Solved – Entropy of (Sum of Gaussians) versus Sum of (Entropy of Gaussians)

entropyinformation theorymaximum-entropymutual information

Short version: How can the joint entropy of two independent variables be less than the sum of those independent variables? The joint entropy should encode all information that a scalar function can, right?

Long version: Assume there are 2 independent normal random variables $X, Y$ both with mean $0$ and variance $\sigma^2$.

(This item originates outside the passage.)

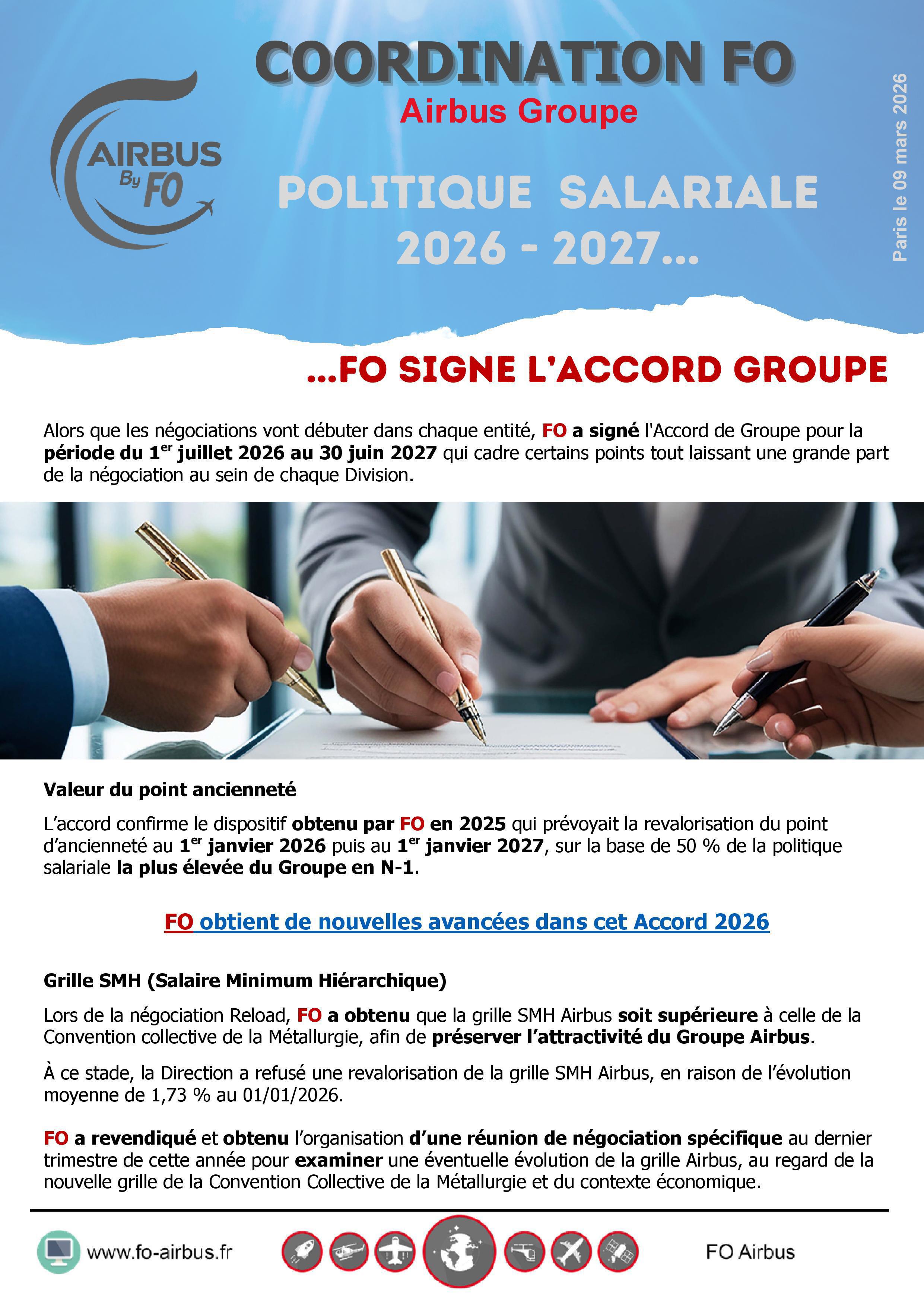 Politique salariale 2026-2027 : FO signe l'accord Groupe...

  1. We know that entropy of $X$ and $Y$ is $H(X)= H(Y)= \ln(2\pi e \sigma^2)/2$ (derivation)
  2. The variance of the random variable $SUM = X + Y$ is $2 \sigma^2$
  3. 1 and 2 mean that $H(SUM)= \ln(2 \pi e (2 \sigma^2))/2$
  4. The sum of the entropies of 2 independent random variables is the entropy of their joint distribution, i.e. $H(X, Y) = H(X) + H(Y)$ . This implies that in this particular case
    $$H(X, Y) = (\ln(2\pi e \sigma^2)/2) \cdot 2.$$
  5. Now note that if $\sigma^2=(\pi e)^{-1}$, then from 3 and 4
    $$H(X,Y)= (\ln(2)/2) \cdot 2 = H(SUM)= ln(2 \cdot 2)/2 = \ln(2).$$

And if you increase $\sigma$ then $H(SUM) > H(X,Y)$. It seems quite fantastic that $(\pi e)^{-1}$ is an entropy tipping point for Gaussians. Do you know of any papers or books that make this observation? Is $N(0, (\pi e)^{-1})$ discussed as an alternative to $N(0,1)$ because of its neutrality in this context? And why is this happening at all? Shouldn't joint entropy be greater than entropy of any scalar function, it seems to be more general than any scalar function?

Best Answer

The issue is that you are working with a differential entropy for continuous random variables, which doesn't share all the nice properties of Shannon's entropy for discrete random variables and can behave counter to intuition. In particular, differential entropy can be negative!

The following might help to get a feel for what's going on. First, a little derivation. We have that

\begin{align} H[X + Y, Y] &= H[X + Y \mid Y] + H[Y] = H[X \mid Y] + H[Y] = H[X, Y], \\ H[X + Y, Y] &= H[Y \mid X + Y] + H[X + Y], \end{align}

so that,

$$H[X + Y] = H[X, Y] - H[Y \mid X + Y].$$

Since Shannon's entropy is always non-negative, the entropy of $X + Y$ will therefore always be smaller or equal to the entropy of $X, Y$, in line with your intuition. What must happen in your example is that $H[Y \mid X + Y]$ is negative, which is only possible because it is a differential entropy.

If you want a more well-behaved measure for continuous random variables, use relative entropy.